When Eleanor Darling, the tiny human who lives with us, started crawling, I began the search for some kind of baby gate, or as we later came to refer to it, baby jail.
But first, an admission: Yes, I am the type of picky, design-snob parent who just can’t with all the extra colorful, plastic, so-kid-like-it’s-even-condescending-to-a-2-year-old stuff. Yes, I will buy an ugly toy, but only if it can be hidden when not in use. That being said, our home is nowhere near AD-worthy and it has plenty of markers of having a rambunctious toddler.
**BRIEF ASIDE**
I do get asked a lot about kids’ stuff storage and I don’t have any groundbreaking advice, but here’s what we have/do:
Living room toys get piled into a Lalo play tent at the end of the day. Everything else goes into an American Girl Doll chest I scored at the Pasadena City College flea for $40. (Also, don’t get me started on that fireplace; it’s a project we were supposed to tackle like a year ago.)
Everything else in Eleanor’s bedroom goes into this extremely meh but non-offensive and affordable Melissa & Doug chest that we attempt to disguise by piling cute stuffed animals and Liberty-print pillows on it. Kid toy chests are such a weird category. Most of them are ugly no matter the price. That said, I just came across this Ferm Living chest (below) which wasn’t around when we were looking and I may now have to buy.
In general, we just don’t have a huge toy/activity collection. So much of what we buy only gets attention for a day, which is annoying. If we feel like she needs new toys, we do an edit of what’s there and donate.
ANYHOOOOOWWWWW….back to the whole “I like to hide toys and clutter and won’t get bins that look like they belong in a preschool” thing….
I didn’t realize that this component of my identity was so controversial, but apparently when you start asking your IG followers for advice on “non-ugly” baby things, you will incur the wrath of Wholesome Millennial Moms — and I don’t want to bash them because I’m sure they’re all great moms, but they seem to just buy whatever Google advises. Here’s what happened: In came the messages (most of which went to my Requests folder, aka people who don’t actually know me) telling me I was “disrespecting” my child by putting my aesthetic needs first. One person was flat-out like, “I cannot believe you are even talking about this wtf is wrong with you.”
Why was this such a sensitive subject that suddenly sent moms into full J’Accuse mode?
Either way, my search was fruitless. We initially went for one of the many blah wood baby jails that took up an enormous amount of our living room and could not be folded away — we sold it on FB marketplace. So we ended up with one I found to be least offensive: the Evenflo foldable playpen. Still, I hated every second of it.

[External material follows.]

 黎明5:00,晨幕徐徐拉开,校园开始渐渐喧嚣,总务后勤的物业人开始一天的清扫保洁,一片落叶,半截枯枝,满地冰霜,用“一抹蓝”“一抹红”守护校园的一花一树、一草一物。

Ideally, I would have a baby-proofed room sealed by a single gate, however we have a small home and it’s open plan. But for parents who do have that liberty, or are seeking to close off a stairway…wow have I found some really genius things. Yes, these are custom and won’t come cheap. But still, these ideas fill me with curiosity and joy.
British homewares designer Matilda Goad created a custom lacquered gate that slides behind the TV unit. (Video below.)
(via @matildagoad)
Caption on her IG reads: “Everyone told me it was a ridiculous idea to create this landing play area by removing two pokey rooms but it’s ended up being the most used space in the home. @blockhousebuild created this sliding stair gate and tv unit based of an old chest fridge that means most mess can be hidden away at the end of the day.”

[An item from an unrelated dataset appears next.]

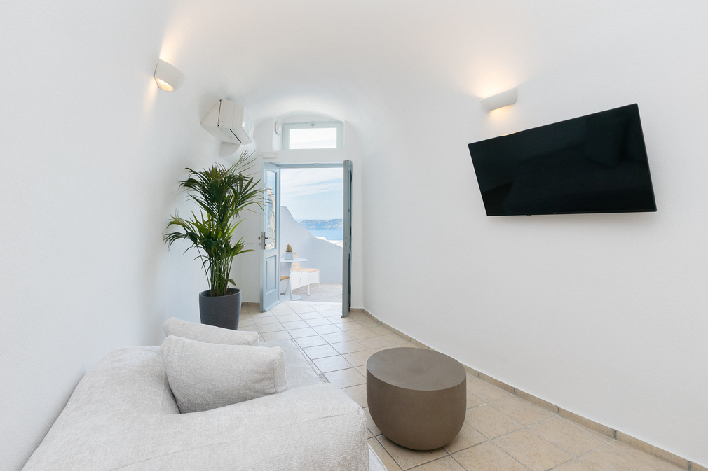 A cycladic cave style accommodation with a Caldera & sunset private view terrace.

S.F.-based designer Charles de Lisle came up with this wicker addition to block off a stairway. It feels so natural that I’d keep this long after it’s necessary even though it probably won’t prevent teenagers from going out and having sex.

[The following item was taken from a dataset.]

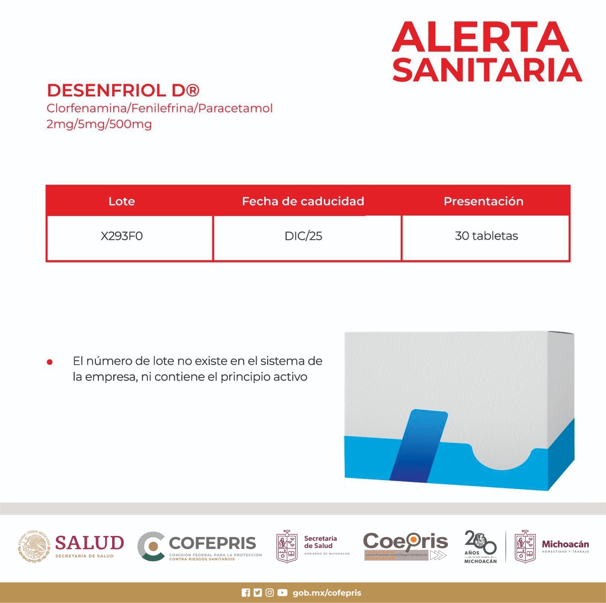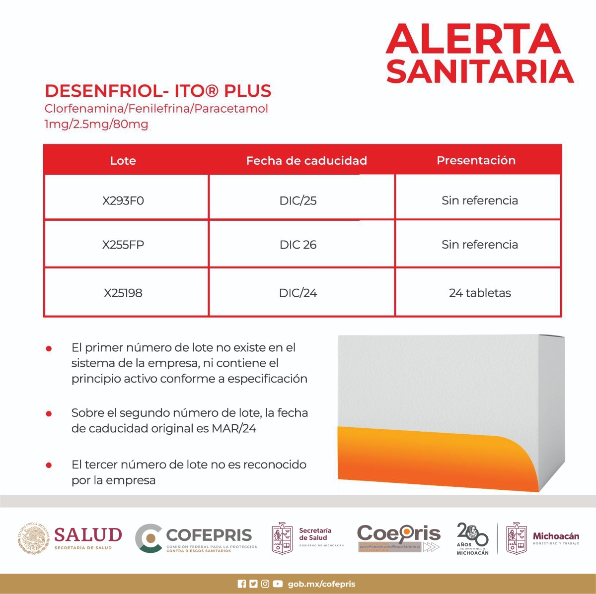 Desenfriol-Ito Plus (clorfenamina/fenilefrina/paracetamol 1 mg/2.5 mg/80 mg): la empresa titular del registro sanitario también informó sobre tres lotes irregulares de este producto. El primero, con el número de lote X293F0 y fecha de caducidad DIC/25, tampoco contiene el principio activo. Además, el lote X25198, con fecha de caducidad DIC/24 en la presentación de 24 tabletas, no es reconocido por la empresa. Por último, se ha confirmado la falsificación del lote X255FP, que muestra caducidad de DIC 26; sin embargo, la fecha original es MAR/24.

(via @charlesdelisleoffice)
Sophie Buhai — creator of some of the world’s best cool-girl jewelry and design objects — created this custom wrought iron gate that blends in so well with her Spanish home.
(via @sophiebuhai)
This brass-looking design comes from a long-forgotten real estate listing. If you’re looking for someone (in the L.A. area) to fabricate a gate like this, Martin de Winter is your guy.
I have no idea who this person is, and this is NOT my style (repeat NOT) but it’s a good example of how a baby (or pet) gate can be fashioned pocket-style into a wall, so you never have to see it if you don’t want to.
(via @mrsparanjape)
If you liked this post and want more ideas/suggestions on kid-specific things, please let me know in the comments!
I love this! I have the dreadful wood baby gate and boy does it kill me slowly every day.
Chic. Who are these psychos who won’t let you like aesthetics?